Water collection for drinking, cooking and washing is an all-day activity. Most water buckets started out as containers for other things (food, paint, etc.).

This is Saraswati, one of the “local champions” we interviewed. She lives in Jagritinagar and runs a small shop, participates in activities of a local women’s empowerment NGO, and is someone seems to know how things get done. Others come to her when they have problems with the government, such as in obtaining residency papers. We spent a day shadowing her, to see how she spent her time.

Saraswati talks to a neighbor about her legal issues. Another neighbor approaches Saraswati about her residency papers. Saraswati at her shop.
Saraswati and her daughter at home, preparing the day’s meal. Saraswati’s daughter gets her school uniform ready. Saraswati meets with a lender to get a loan to expand her inventory.

This is Nirmala, another informal community leader, who lives in Gairaigaun, the sukumbasi across the river from Jagritinagar. She is a college student but is also trying to start a small business. We tracked her for a day as well.

Nirmala and her husband in the room they share in their family’s home. We interview Nirmala and family members. Their home is right on the Bagwati. Nirmala’s uncle shows the height of last year’s flood.
Nirmala at a neighborhood lending circle meeting. Nirmala speaks at a women’s empowerment group. Nirmala and community members clean the main street of Gairaigaun every weekend.

The research we did gave us some initial insight to the women’s roles, and how they balance their personal lives with their community positions and obligations. The project is ongoing.

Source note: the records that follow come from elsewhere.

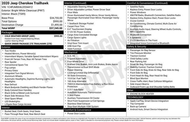 Discover the ultimate SUV adventure with the 2020 Jeep Cherokee Trailhawk. This rugged and capable off-road warrior is ready to take you on the journey of a lifetime, whether you're conquering the trails or navigating the city streets.Equipped with a powerful 3.2L V6 engine and a 9-speed automatic transmission, the 2020 Jeep Cherokee Trailhawk delivers exceptional performance and efficiency, with an impressive 18 MPG in the city and 24 MPG on the highway. Boasting a sleek White exterior, this SUV is not only stylish but also built to withstand the toughest conditions.- Cold Weather Group: Includes Engine Block Heater, Leather Wrapped Steering Wheel, Windshield Wiper De-Icer, Heated Front Seats, Heated Steering Wheel- Radio: Uconnect 4 with 8.4 Display- Apple CarPlay/Android Auto- Heated Steering Wheel- Leather Wrapped Steering Wheel- Heated Front Seats- Windshield Wiper De-IcerThe 2020 Jeep Cherokee Trailhawk is packed with a host of premium features that elevate your driving experience. Enjoy the convenience of remote keyless entry, power windows, and steering wheel-mounted audio controls. Stay connected with the Uconnect 4 system, featuring an 8.4 touchscreen display, Apple CarPlay, and Android Auto integration.Tackle any terrain with confidence thanks to the Trailhawk's off-road-focused capabilities. The Hill Descent Control, 4-Wheel Disc Brakes, and 4-Wheel Independent Suspension ensure a smooth and stable ride, no matter the conditions. With the ParkView Rear Back-Up Camera, parking and maneuvering in tight spaces is a breeze.Safety is of the utmost importance, and the 2020 Jeep Cherokee Trailhawk delivers. Dual front impact airbags, dual front side impact airbags, and an overhead airbag provide comprehensive protection, while features like Electronic Stability Control and Traction Control enhance your overall driving security.Experience the thrill of the open road and the freedom of the great outdoors with the 2020 Jeep Cherokee Trailhawk. Visit our showroom today and let us demonstrate why the Trailhawk is the ultimate choice for your next vehicle.
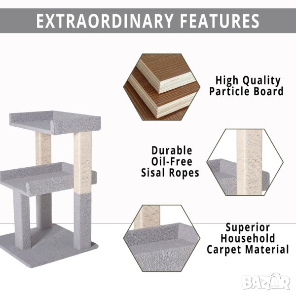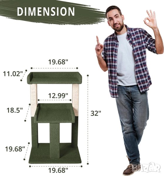 Ако търсите петзвездна котешка кула, днес е вашият щастлив ден. Naomi Home Lulu Large Cat Tower е единствена по рода си. Проектиран с две нива, всяко ниво може да издържи над 50 паунда, за да може вашето голямо коте удобно да се отпусне и да се забавлява. Naomi Home дава ясно да се разбере, че вашето коте е безопасно и здраво, използвайки домакински килим и безмаслено сизалено въже. Предлага се с различни цветови опции.
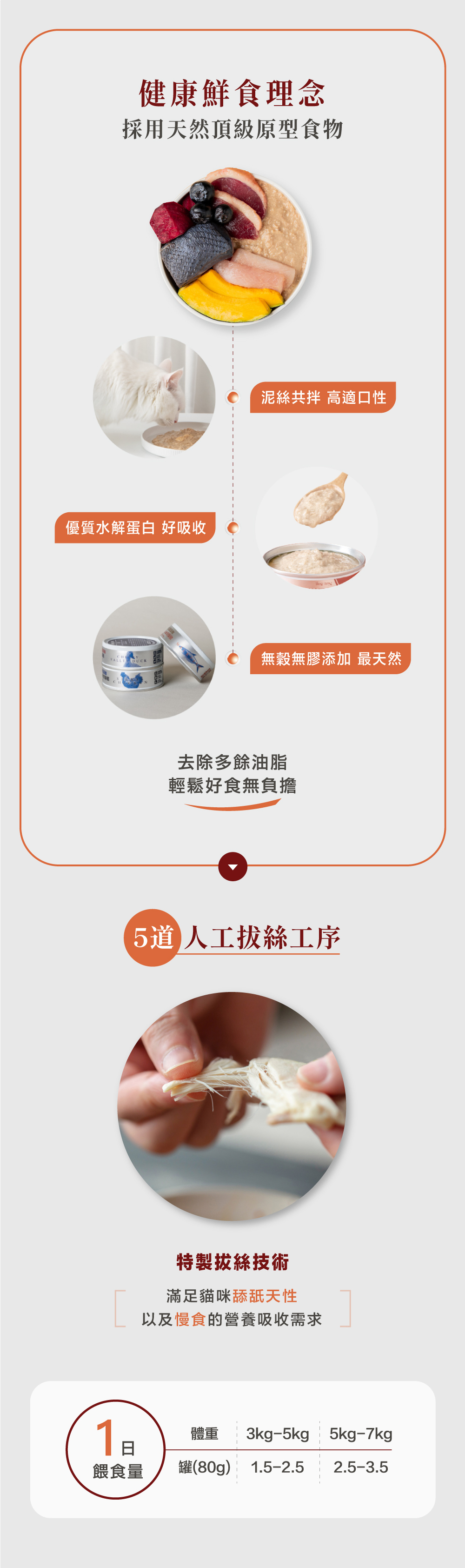 ▲ 每罐 80g / 絲泥各半質地,全齡貓適用
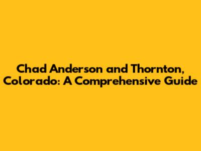 Hey everyone! Let's dive into the world of Chad Anderson and his connection to the awesome city of Thornton, Colorado. This guide is your go-to resource for everything you need to know about Chad and how he's involved in the local scene. We'll explore his background, what makes Thornton special, and how he contributes to the community. Get ready to learn some cool stuff, guys!
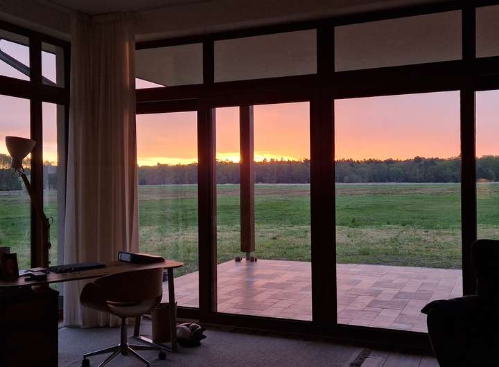 Jeden Morgen begrüßt die Bewohner ein weiter Himmel, der mit seinem atemberaubenden - und durch die verschiedenen Jahreszeiten stetig wechselnden Licht- und Farbenspiel -bezaubert. Jeder der hier Wohnenden wird stets zu einzigartigen Naturbeobachtungen eingeladen: Wie wäre es, sich von Hirsch, Reh, Fuchs und Kranich regelmäßig begrüßen zu lassen?

I didn’t do much personal photography while I was there; in fact, I may have accidentally erased a card with most of those photos. This is about all I can find:

kathmandu

abby and i went to kathmandu this past weekend, to visit friends we’d made while serving in albania. it is a fascinating place, but first, i should clarify something: whatever bob seger was singing about in 1975, it certainly wasn’t this:

the first stop was swayambhunath temple, a major buddhist pilgrimage site atop a hill overlooking kathmandu. according to legend, the bodhisattva manjushri had a vision of a lotus floating in a lake on what is now the site of the temple. he drained the lake and the lotus grew into a hill, with the flower forming the stupa itself. as it happens, there is historical evidence that kathmandu valley once was a lake, so the legend has some element of truth to it; however, records also show that the temple was founded by king vṛsadeva at the start of the 5th century b.c.e. i wasn’t there, so i can’t say which story is the real one.

the temple complex is holy to hindus and buddhists alike – there is a shrine to harati, the hindu goddess of smallpox and other childhood diseases, next to the stupa – and the whole thing is so crowded with sculptures, buildings, and tourist tat, that it is difficult to get a good wide shot of the place.

on the neighboring hill is a monastery, lots of prayer flags, and the monkeys from which swayambhunath temple gets its nickname, “the monkey temple.”

we finished the day in durbar square, kathmandu (as opposed to the two other durbar squares in the area – “durbar” means “palace”), where there were lots of people trying to sell us things, and i took a few street shots.